2. In China there is a network of youth hostels that provide everything the western traveler needs. Rooms with a great price range- from the cheapest (a bed in a dorm with shared bathrooms and showers) an up to the expensive intimate rooms. And the staff is made of Chinese youth (most are working there as a part of a student program) and western youths, studying Chinese volunteering there to brush up on their Chinese. They help with everything you need. They helped me buy a local sim card, book bus tickets, organize a birthday party for my daughter, they wrote a note with Chinese sentences I asked them to, explained to me how to get everywhere and much more. In every hostel there’s a common room where there is a bar, a small restaurant, a few strategy/thinking games (the staff is always happy to play with you, or at least teach you how to play), art materials, computers, books, sometimes table-football or a snooker table or a tv room with loads of movies for you to choose from. Within a day or two the staff knows all your names.

3. in short- I warmly recommend you to book a room with one of the youth hostels spread across china, they’ll make your trips that much easier, especially in the first few days after landing.

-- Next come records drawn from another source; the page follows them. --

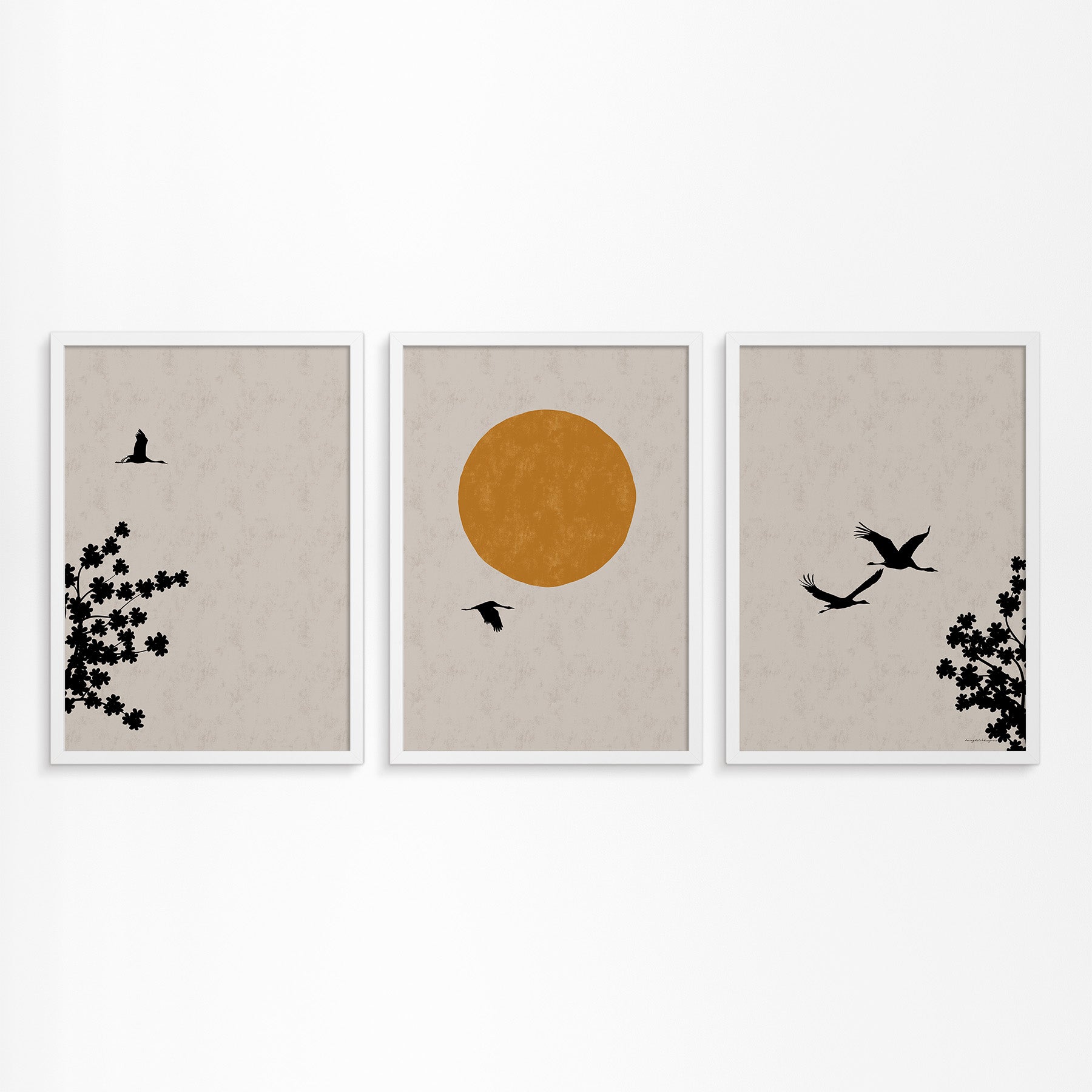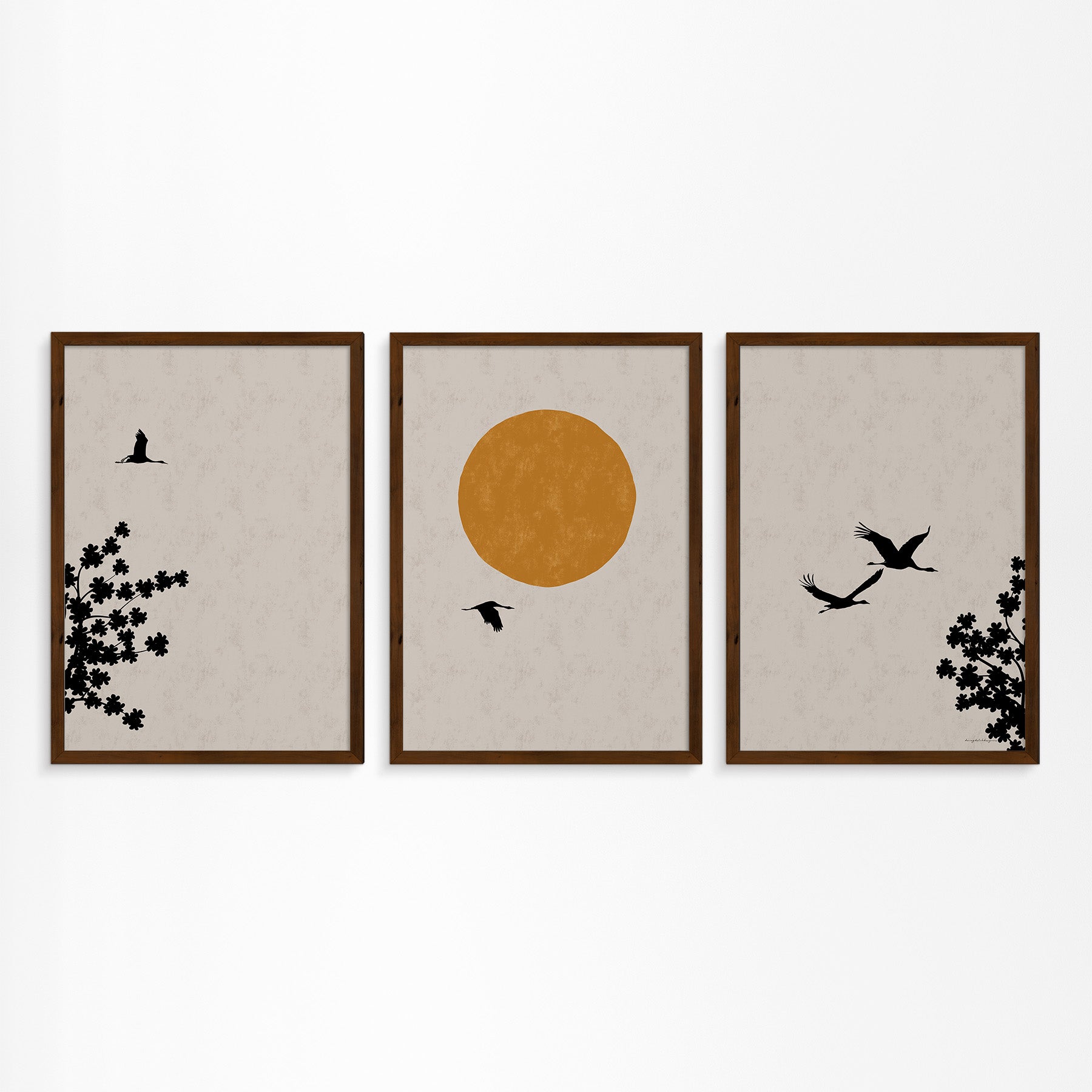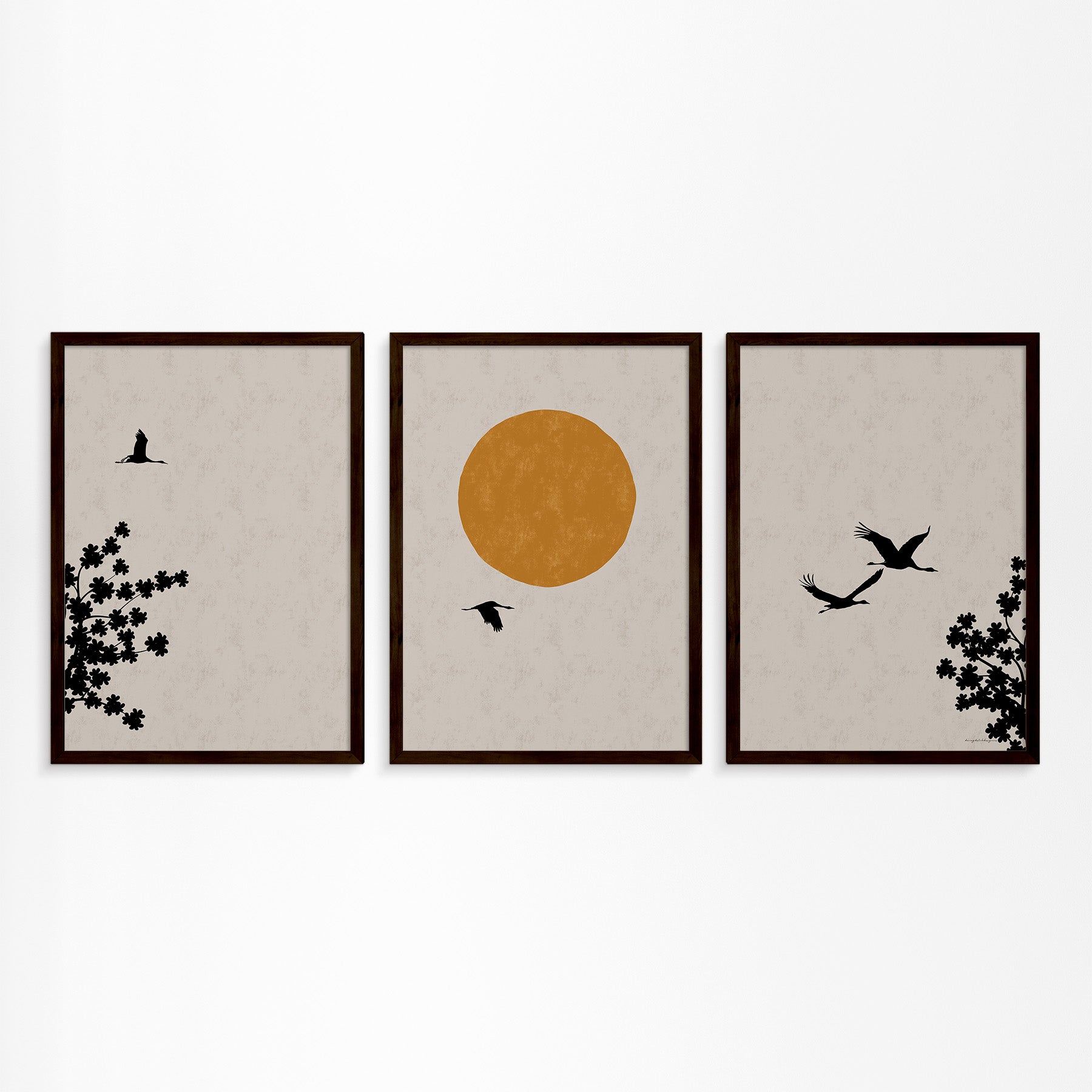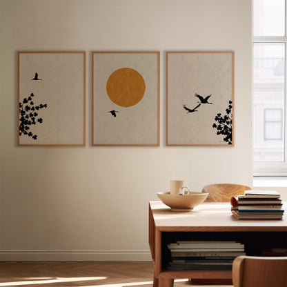 Zou je willen dat je je kon omringen met bloeiende bloesembomen en sierlijke kraanvogels, net als in een Japanse lente? En je de warmte van de zon voelt terwijl je deze serene scène bewondert? Deze prachtige drieluik poster brengt die rustgevende en warme sfeer naar jouw woonkamer of slaapkamer.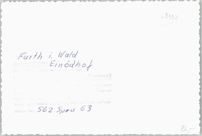 40031388 Furth Wald Gaststätte Einödhof * KatCode 11110009372126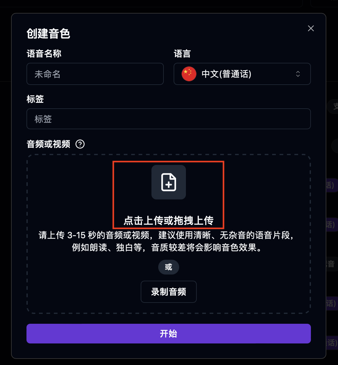步骤4:提交样本:上传一段需克隆的清晰人声音频或视频(建议时长3-15秒),或直接使用麦克风录制。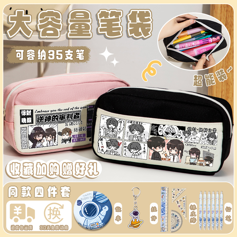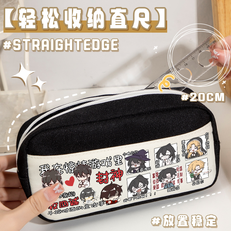 我在惊悚游戏里封神卡通男女孩中小学生专用笔袋一到六年级简约搞怪便携大容量多功能双层多隔层文具收纳袋女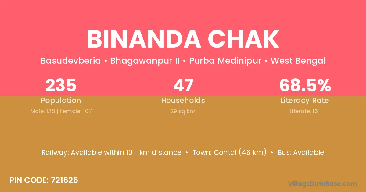 Contai (46 km) is the nearest town to Binanda Chak village for major economic activities and is located approximately 46 km away.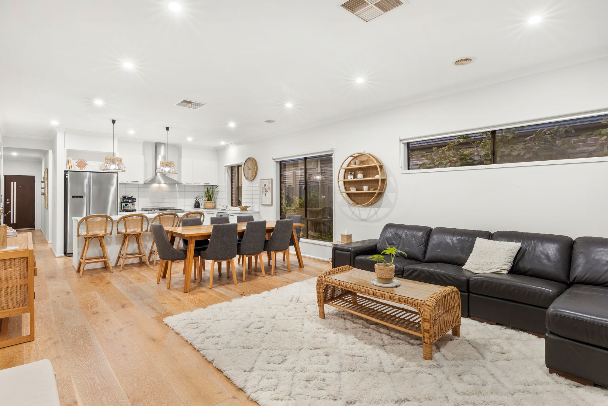 This modern and spacious family home caters to all the essentials for a growing family. Boasting a practical outdoor entertainment space, a great sized master bedroom with walk-in robes, and three additional bedrooms, each equipped with mirrored built-in wardrobes, ensuring all year comfort for the entire family with ducted heating and evaporative air-conditioning throughout. With two living areas and two well-appointed bathrooms, the home is designed for optimal family living. One highlight of this property is the stylish kitchen and dining area that’s elevated by the high ceilings (9ft), ideal for family gatherings, complete with a built-in pantry for ample storage. The seamless connection between the kitchen/dining/living area and the stunning outdoor entertainment space makes this home an ideal venue for hosting family and friends. Positioned in a superb and convenient location near Elements Child Care, Geelong Lutheran College, Warralily Boulevard Playground, Armstrong Creek Town Centre, Access to Surf Coast Highway, Geelong CBD short drive away, it provides easy access to Geelong, Torquay, and the entire Surf Coast. Embrace a lifestyle like no other in this fantastic locale.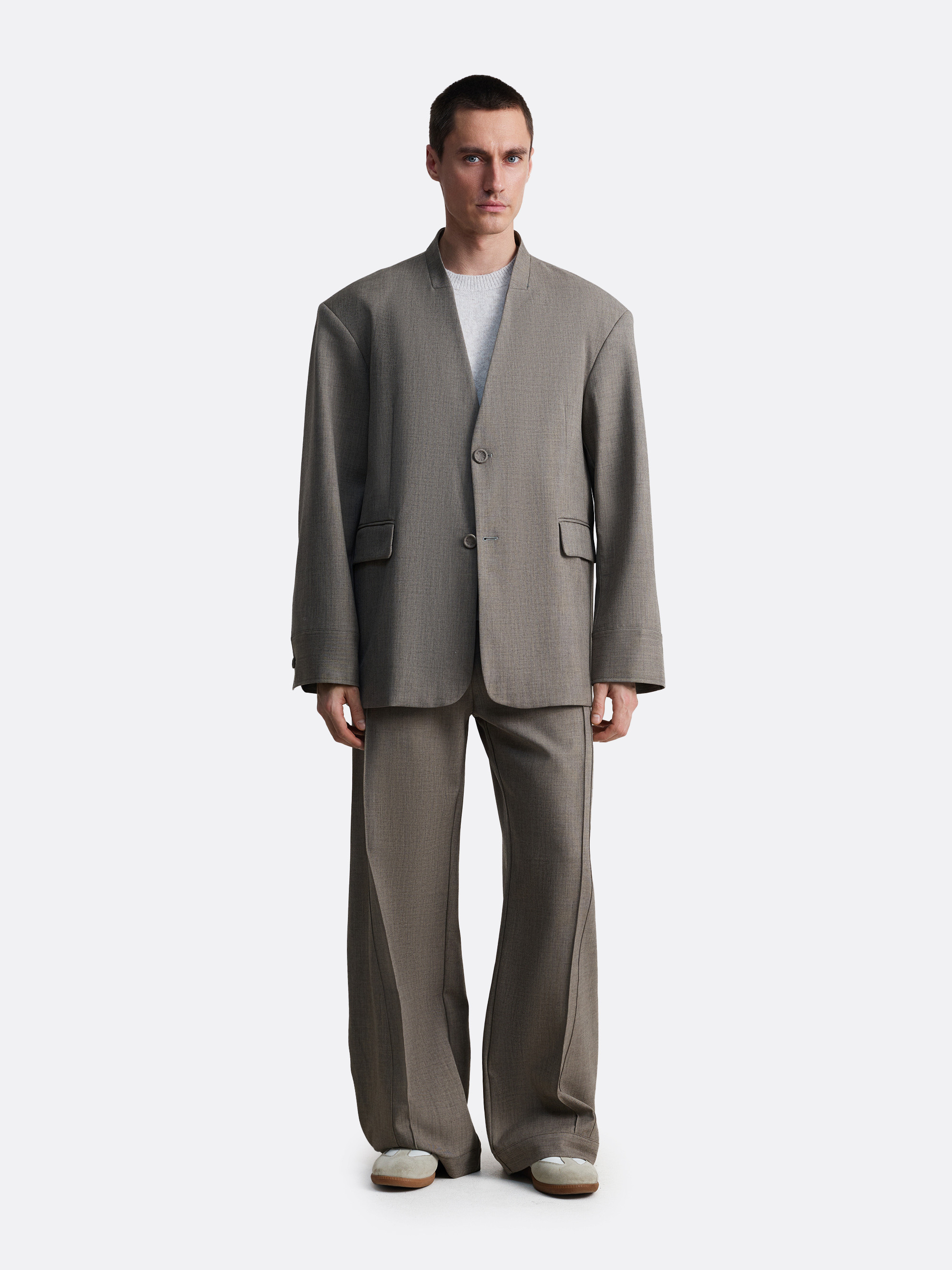 Пиджак с плавно скроенной линией плеч и мягкой посадкой, создающий современный силуэт без излишней формальности. Минималистичная горловина без лацканов визуально вытягивает линию корпуса, а одинарная застёжка подчёркивает чистую геометрию переда. Фактура ткани лёгкая и пластичная, благодаря чему пиджак держит форму, но остаётся расслабленным в движении. Карманы с клапанами добавляют аккуратный акцент, а общий образ — ту самую интеллектуальную простоту.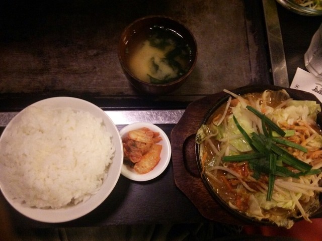 内容は、ホルモン鉄板焼、ご飯、味噌汁、キムチ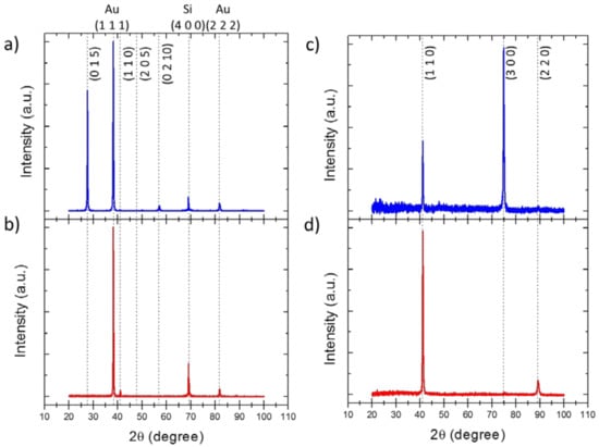 Figure 3c,d) do not show such clear changes of their crystalline structure when the applied voltage is changed, as it was previously seen in the case of the films. Most of the 3D nanowire networks grown present a preferred crystal orientation along the (1 1 0), as it was shown in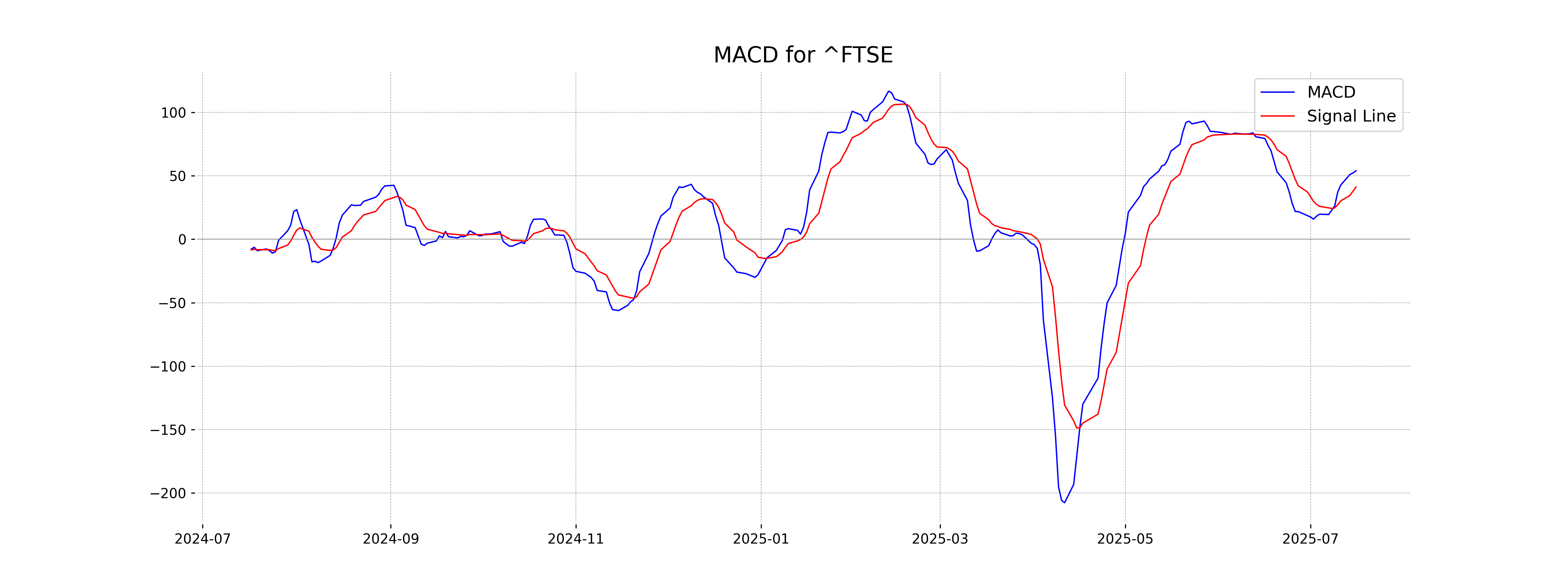 FTSE 100 (UK): The MACD value of 53.91, which is above the MACD Signal line at 41.19, indicates a bullish momentum in the market. This suggests that upward price movement is gaining strength.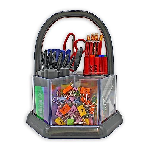 - DESK ORGANISER – An easy to assemble, all in one strong, portable stationery storage pen holder solution that features all the space you need to keep your classroom, playroom, office, or home clutter free.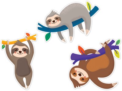 Enhance displays…create cubby, desk and name tags…add finishing touches to bulletin boards…and more—with adorable sloth accents that will bring a friendly touch to your classroom all year long! Pack includes 36 cardstock accents in 3 designs; largest accents measure 3 4/5" x 5 9/10".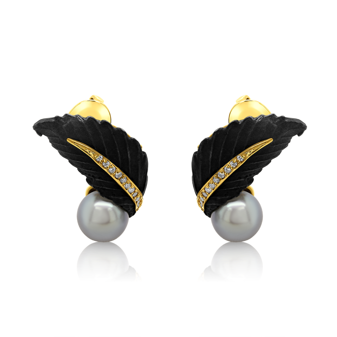 Cercei din aur galben de 18K cu cu rodiu negru, Perle și Diamante naturale.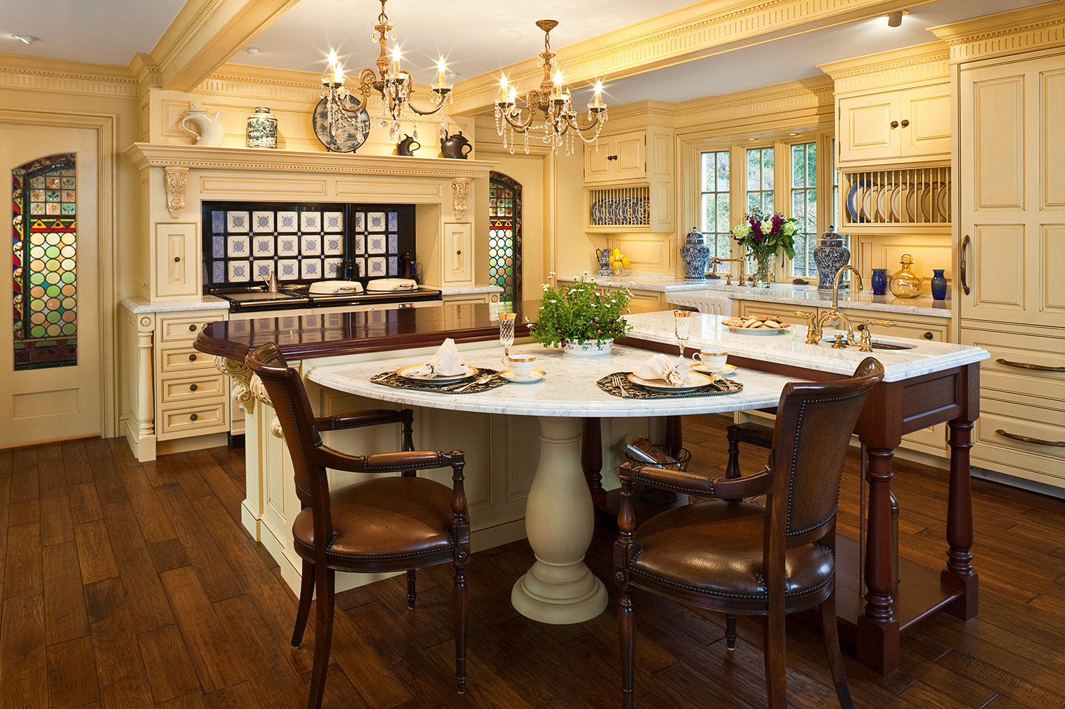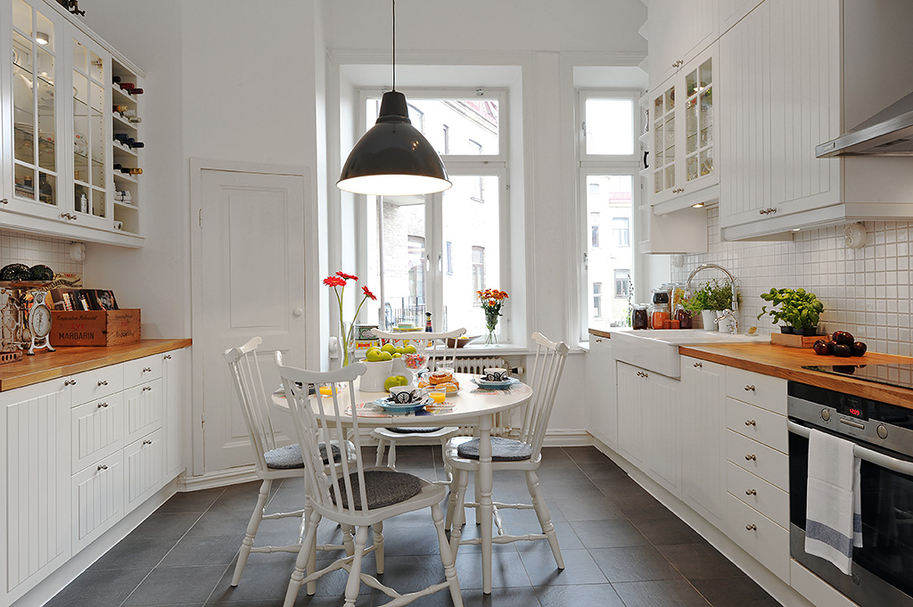 إذا كان لديك مطبخ كبير ، فمن الأفضل وضع طاولة مربعة.
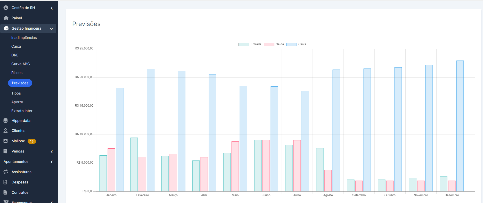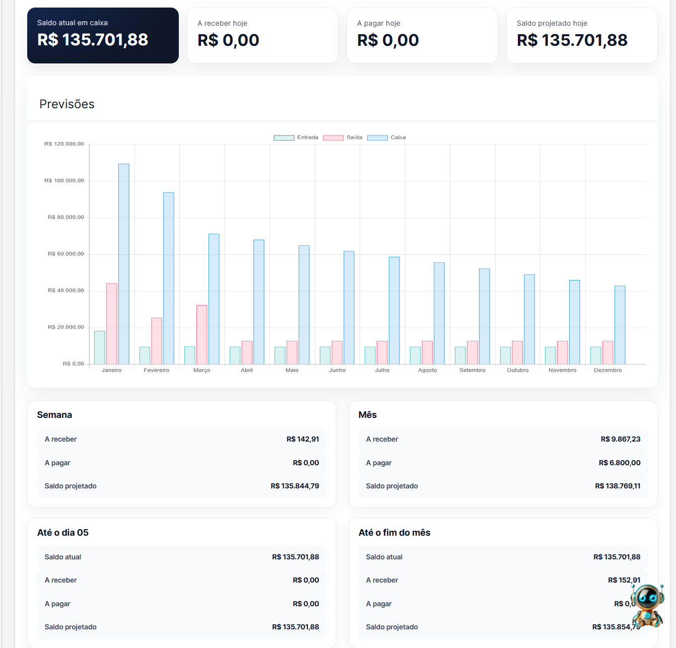 O Menu Caixa te mostra a situação do ano vigente, o caixa da empresa, as propostas e os orçamentos.

4. don’t come to china without an app that translates words and sentences to Chinese, preferably one that also sounds the words, and that doesn’t require internet.

5. anyway it’s recommended to buy a local sim card on the first chance so you can use the internet comfortably on your phone.

6. that way you could also use maps and navigate in busy streets, whose names are written in Chinese.

7. the taxi drivers in china are very strict on the max number of passengers- four. So anyone going to china with three or more children is going to have a problem. To find a taxi, especially in the big cities, especially in the tourist centers, is not an easy task, and finding two is a nightmare. Easier to find two rickshaws or deal with the public transportation.

8. If you chose to walk notice that the green light for the crosswalk is very short and there’s an arrangement with the two-wheelers so warn the kids.

9. and about the public transportation: in China there’s a very wide range of buses and trains. From old trains, stuffed so full of people that you can’t breathe, sweaty and sweltering, through to a relatively comfortable sleeper trains all the way to express trains that look like they’re taken straight from a futuristic film. The same goes for buses.

10. in the sleeper trains they lock the bathrooms in the morning long before you actually get to your destination. Just so you know.

here you will fond a special route for nature loving families traveling to china

11. the Chinese, even those that speak good English, tend to get confused between the ‘teen’ numbers (11, 12, 13…) and the whole numbers (20, 30, 40…) it’s best to always make sure exactly what they meant. There is a big difference sometimes. (how many hours is this bus drive? 40??? Ahhh 14.)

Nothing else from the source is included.